Im Anschluss wird der Winkel für jeweils zwei Wochen auf 60 und 90 Grad erhöht. Etwa ab der siebten postoperativen Woche kann das Knietraining auch ohne Schienung erfolgen.
Eine frühe Nachbehandlung, bei der die Funktion des Kniegelenks wieder hergestellt werden kann, wird durch die Ruhigstellung erschwert.
Dennoch sollten bereits frühzeitig Mobilisierungs- und Kraftübungen durchgeführt werden, um Komplikationen zu vermeiden.
Die Ruhigstellung erhöht außerdem das Risiko für Thrombosen oder Embolien sowie kann im weiteren Verlauf unter Umständen ein Muskelschwund (Atrophie) des vierköpfigen Oberschenkelmuskels und Weichteilschädigungen durch die Schiene beobachtet werden.
Hier dient vor allem intensive Krankengymnastik der Vorbeugung des Oberschenkelmuskelschwundes und der Erhaltung der Beweglichkeit des Kniegelenkes.
Häufig kommt es zu einer Einschränkung der Kniestreckung, was durch aktive krankengymnastische Übungen meist behoben werden kann.

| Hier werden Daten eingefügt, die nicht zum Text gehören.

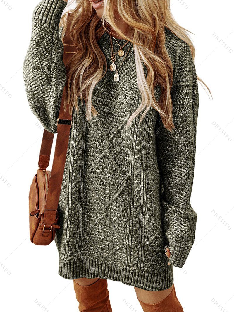 Robe pull vintage texturée, couleur unie, en maille torsadée - Vert Armée XXL | US 12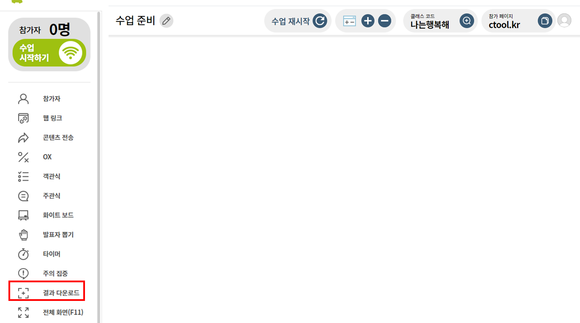 13. 결과 다운로드 : 학생들의 활동 결과물을 그때 그때 다운로드 할 수 있습니다.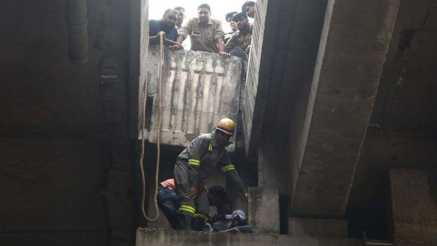 सूचना मिलते ही पुलिस मौके पर पहुंची। पुलिस और फायर की रेस्क्यू टीम ने लड़की को सुरक्षित बचा लिया। उसे एंबुलेंस से अस्पताल भेजा गया। बचाव के लिए वहां मौजूद दो लोगों को भी नीचे उतारा गया और अस्पताल भेजा गया। वैगनआर कार ने लड़की की स्कूटी को टक्कर मारी थी।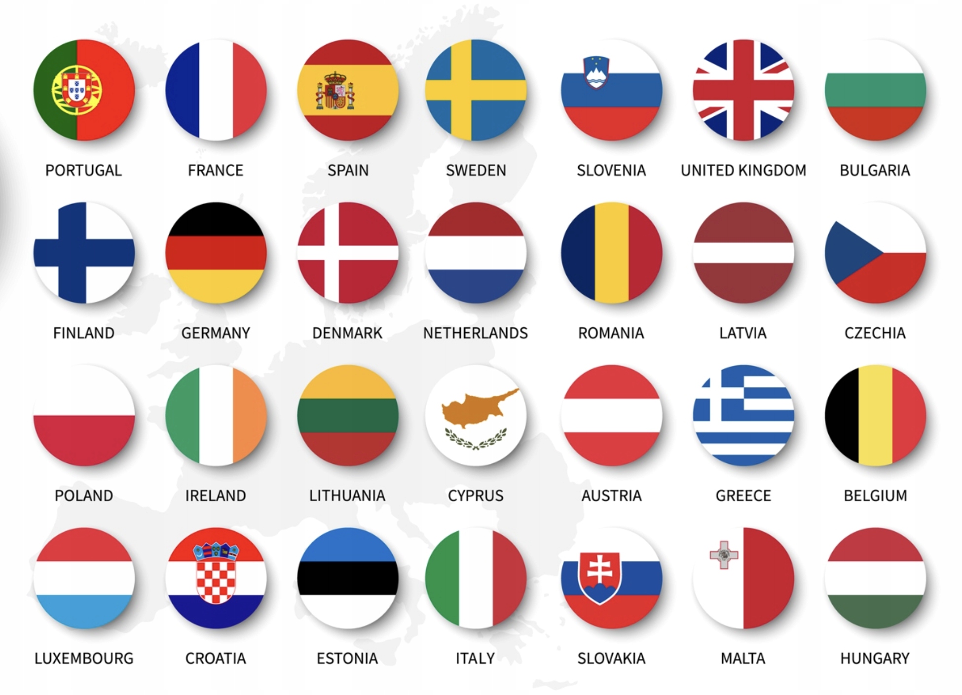 Австрия, Бельгия, Болгария, Хорватия, Кипр, Чехия, Дания, Эстония, Финляндия, Франция, Французская Гвиана, Германия, Гибралтар, Греция, Гваделупа, Венгрия, Исландия, Ирландия, Италия, Латвия, Лихтенштейн, Литва, Люксембург, Мальта, Мартиника, Майотта, Нидерланды, Норвегия, Польша, Португалия, Реюньон, Румыния, Сан-Марино, Словакия, Словения, Испания, Швеция, Великобритания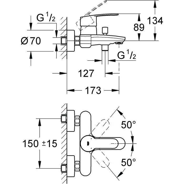 Clapet anti-retour intégré dans le départ de douche 1/2″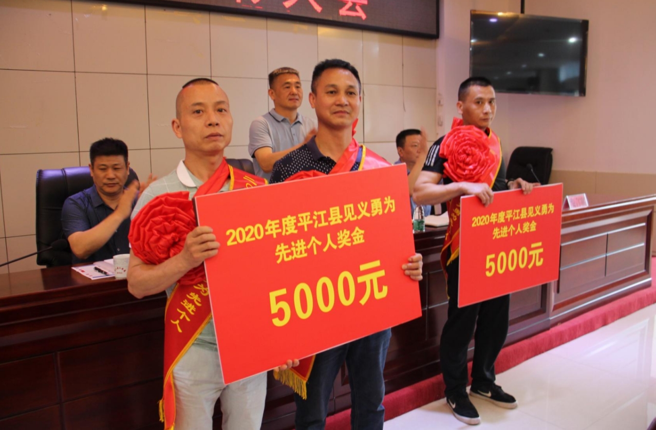 大会宣读了《关于2020年度岳阳市见义勇为先进个人的表扬通报》、《关于2020年度平江县见义勇为先进个人的表扬通报》,授予朱海龙同志为2020年度岳阳市见义勇为先进个人,陈小光等3名同志为2020年度平江县见义勇为先进个人荣誉称号,并向他们颁发荣誉证书和奖金。
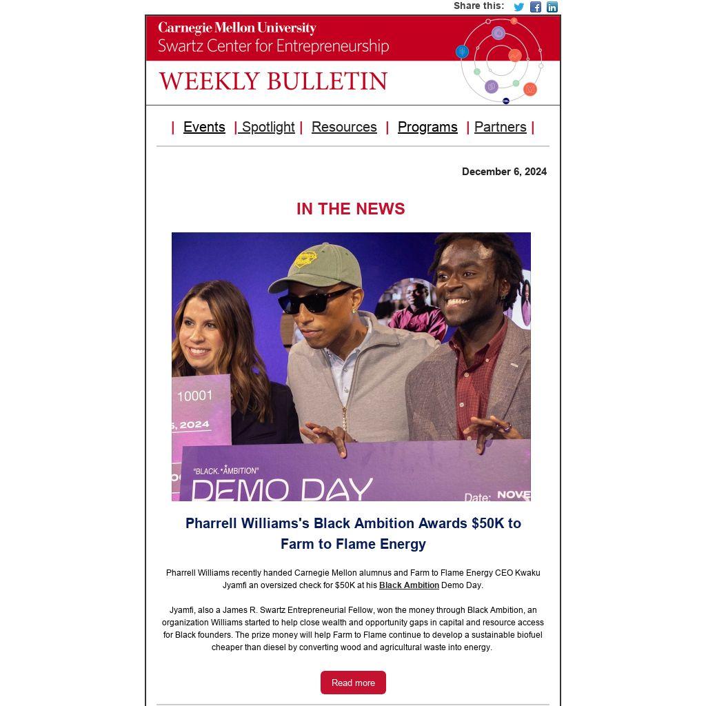 Have startup news or opportunities to share? Have questions about the Swartz Center Weekly Bulletin? Send news, opportunities or questions to Sonya Ford, Program Manager.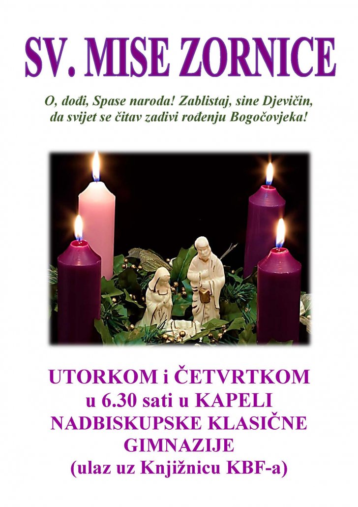 Utorkom i četvrtkom u 6.30 sati u kapeli Nadbiskupske klasične gimnazije (ulaz uz Knjižnicu Fakulteta) slavit ćemo SV. MISE ZORNICE, na kojima će aktivno sudjelovati (pjevanjem, čitanjem, ministriranjem, pripremom molitava vjernika) pojedina godišta studenata svih studijskih smjerova, počevši sa članovima Studentskoga zbora, pa od pete godine do prve.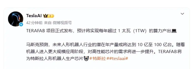 同一时间,据悉,特斯拉(TSLA.US)TERAFAB项目正式发布,预计将实现每年超过1太瓦(1TW)的算力产出。

Für eine günstige Prognose ist eine konsequente Therapie und Nachbehandlung der Patellasehnenruptur notwendig. Meistens kann jedoch die Funktion des Streckapparates wieder vollständig hergestellt werden. Ungünstig auf den Heilungsprozess kann sich eine zu frühe Vollbelastung des Knies auswirken, wodurch der Cerclagedraht abreißen kann. Auch eine Wundinfektion nach der Operation kann den Heilungsprozess verlängern. Besonders bei degenerativ vorgeschädigten Patellasehnen kann es zu erneuten Rupturen der Sehne kommen. Bei einer komplikationslosen Heilung der Patellasehnenruptur kann später ohne Probleme aktiv Sport getrieben werden.